Data below START

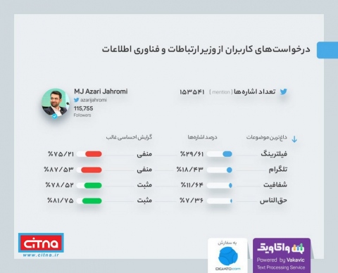 به گزارش سیتنا، کاربران #توییتر_فارسی از وزیر ارتباطات چه درخواستهایی داشتهاند؟ وزیر ارتباطات در سال ۹۷ بیشتر از ۱۵۳ هزار بار در توییتر منشن شده است. بخش زیادی از منشنهای کاربران به محمدجواد آذری جهرمی، پیرامون ۴ موضوع #فیلترینگ، #تلگرام، #شفافیت و #حقالناس بودهاند.محمدجواد آذری جهرمی بهدنبال پست گذاشتن در توئیتر، به برخی از کاربران نیز پاسخ توئیتری میدهد و این چرخه باعث شده است تا کاربران وزیر ارتباطات را منشن(اشاره) کرده و برخی درخواستهای خود را از طریق این شبکه اجتماعی فیلتر شده دنبال کنند.
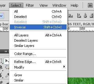 - After making selection on text layer go to Select >>Inverse and then click on it.
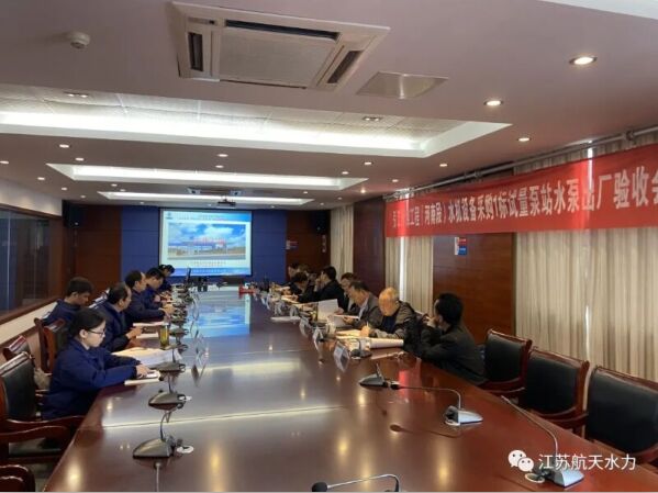 項(xiàng)目驗(yàn)收專題會(huì) 2021年4月14日,河南省引江濟(jì)淮工程有限公司在江蘇航天水力設(shè)備有限公司召開了引江濟(jì)淮工程(河南段)水機(jī)設(shè)備采購(gòu)1標(biāo)試量泵站項(xiàng)目驗(yàn)收專題會(huì)。

Data below END

Work required: From the line containing "- After making" through the final line of the listing above, reproduce every line exactly, with no pictures.

Expected answer:
 - After making selection on text layer go to Select >>Inverse and then click on it.
 項(xiàng)目驗(yàn)收專題會(huì) 2021年4月14日,河南省引江濟(jì)淮工程有限公司在江蘇航天水力設(shè)備有限公司召開了引江濟(jì)淮工程(河南段)水機(jī)設(shè)備采購(gòu)1標(biāo)試量泵站項(xiàng)目驗(yàn)收專題會(huì)。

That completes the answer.